• **THE RECORDS**
• • • •

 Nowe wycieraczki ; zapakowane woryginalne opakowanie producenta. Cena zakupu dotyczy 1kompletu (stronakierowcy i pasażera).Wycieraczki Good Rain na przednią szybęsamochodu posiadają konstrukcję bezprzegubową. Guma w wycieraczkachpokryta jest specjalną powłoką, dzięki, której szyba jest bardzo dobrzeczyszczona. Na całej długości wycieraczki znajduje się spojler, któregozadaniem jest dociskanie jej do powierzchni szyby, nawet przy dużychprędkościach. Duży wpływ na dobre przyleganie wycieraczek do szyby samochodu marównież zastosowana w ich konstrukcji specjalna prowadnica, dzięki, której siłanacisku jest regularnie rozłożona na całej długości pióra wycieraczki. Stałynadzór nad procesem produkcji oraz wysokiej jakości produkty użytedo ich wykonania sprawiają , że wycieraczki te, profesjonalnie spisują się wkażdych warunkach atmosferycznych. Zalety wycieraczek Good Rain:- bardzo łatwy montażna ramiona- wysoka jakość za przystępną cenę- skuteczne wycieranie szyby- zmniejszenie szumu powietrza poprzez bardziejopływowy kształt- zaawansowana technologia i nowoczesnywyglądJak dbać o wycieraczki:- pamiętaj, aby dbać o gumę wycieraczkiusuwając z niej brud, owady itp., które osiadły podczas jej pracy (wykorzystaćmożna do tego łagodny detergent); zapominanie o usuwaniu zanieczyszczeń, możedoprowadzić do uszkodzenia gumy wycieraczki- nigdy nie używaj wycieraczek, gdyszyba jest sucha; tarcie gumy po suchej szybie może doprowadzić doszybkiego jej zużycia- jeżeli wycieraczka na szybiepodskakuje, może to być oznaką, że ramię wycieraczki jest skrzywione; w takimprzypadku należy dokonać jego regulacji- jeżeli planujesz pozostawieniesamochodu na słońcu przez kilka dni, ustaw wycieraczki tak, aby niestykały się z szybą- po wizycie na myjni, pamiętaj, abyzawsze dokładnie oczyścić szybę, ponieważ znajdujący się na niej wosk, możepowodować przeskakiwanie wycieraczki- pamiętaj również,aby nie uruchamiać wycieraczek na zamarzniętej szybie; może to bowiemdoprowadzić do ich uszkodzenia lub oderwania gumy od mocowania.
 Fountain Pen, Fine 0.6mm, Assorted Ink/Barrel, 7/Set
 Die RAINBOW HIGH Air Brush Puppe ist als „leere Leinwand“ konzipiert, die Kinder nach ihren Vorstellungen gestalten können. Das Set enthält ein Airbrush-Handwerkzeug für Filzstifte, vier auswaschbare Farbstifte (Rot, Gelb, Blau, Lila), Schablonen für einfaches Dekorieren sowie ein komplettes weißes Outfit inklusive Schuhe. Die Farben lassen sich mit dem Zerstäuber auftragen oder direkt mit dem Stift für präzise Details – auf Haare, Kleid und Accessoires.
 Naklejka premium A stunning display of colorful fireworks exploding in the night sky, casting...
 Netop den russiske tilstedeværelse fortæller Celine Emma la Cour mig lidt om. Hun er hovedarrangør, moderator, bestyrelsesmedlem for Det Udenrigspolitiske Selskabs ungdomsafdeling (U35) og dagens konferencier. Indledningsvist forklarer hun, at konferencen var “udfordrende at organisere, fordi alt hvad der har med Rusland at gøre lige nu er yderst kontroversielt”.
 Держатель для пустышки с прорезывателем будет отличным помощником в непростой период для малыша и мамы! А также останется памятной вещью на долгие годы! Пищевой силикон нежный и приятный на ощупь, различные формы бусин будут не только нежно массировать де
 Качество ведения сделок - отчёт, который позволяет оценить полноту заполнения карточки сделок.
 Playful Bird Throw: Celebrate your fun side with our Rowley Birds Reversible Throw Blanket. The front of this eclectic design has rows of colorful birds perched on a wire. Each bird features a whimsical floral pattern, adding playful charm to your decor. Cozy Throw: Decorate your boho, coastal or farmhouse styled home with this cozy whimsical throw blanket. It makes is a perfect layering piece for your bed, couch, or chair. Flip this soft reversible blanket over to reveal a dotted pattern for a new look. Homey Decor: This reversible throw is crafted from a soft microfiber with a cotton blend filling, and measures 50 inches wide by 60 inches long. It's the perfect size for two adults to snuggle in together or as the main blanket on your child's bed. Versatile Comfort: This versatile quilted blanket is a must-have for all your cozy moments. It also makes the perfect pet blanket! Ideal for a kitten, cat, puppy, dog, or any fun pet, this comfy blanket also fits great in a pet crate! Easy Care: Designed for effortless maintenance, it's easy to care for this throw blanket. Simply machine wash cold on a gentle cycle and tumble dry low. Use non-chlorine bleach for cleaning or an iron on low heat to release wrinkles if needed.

• • • •

• **PROBLEM DETAILS**
Filter the entries above down to the lines that hold the word "colorful", and copy those lines.

• **ANSWER FOR THIS EXERCISE**
 Naklejka premium A stunning display of colorful fireworks exploding in the night sky, casting...
 Playful Bird Throw: Celebrate your fun side with our Rowley Birds Reversible Throw Blanket. The front of this eclectic design has rows of colorful birds perched on a wire. Each bird features a whimsical floral pattern, adding playful charm to your decor. Cozy Throw: Decorate your boho, coastal or farmhouse styled home with this cozy whimsical throw blanket. It makes is a perfect layering piece for your bed, couch, or chair. Flip this soft reversible blanket over to reveal a dotted pattern for a new look. Homey Decor: This reversible throw is crafted from a soft microfiber with a cotton blend filling, and measures 50 inches wide by 60 inches long. It's the perfect size for two adults to snuggle in together or as the main blanket on your child's bed. Versatile Comfort: This versatile quilted blanket is a must-have for all your cozy moments. It also makes the perfect pet blanket! Ideal for a kitten, cat, puppy, dog, or any fun pet, this comfy blanket also fits great in a pet crate! Easy Care: Designed for effortless maintenance, it's easy to care for this throw blanket. Simply machine wash cold on a gentle cycle and tumble dry low. Use non-chlorine bleach for cleaning or an iron on low heat to release wrinkles if needed.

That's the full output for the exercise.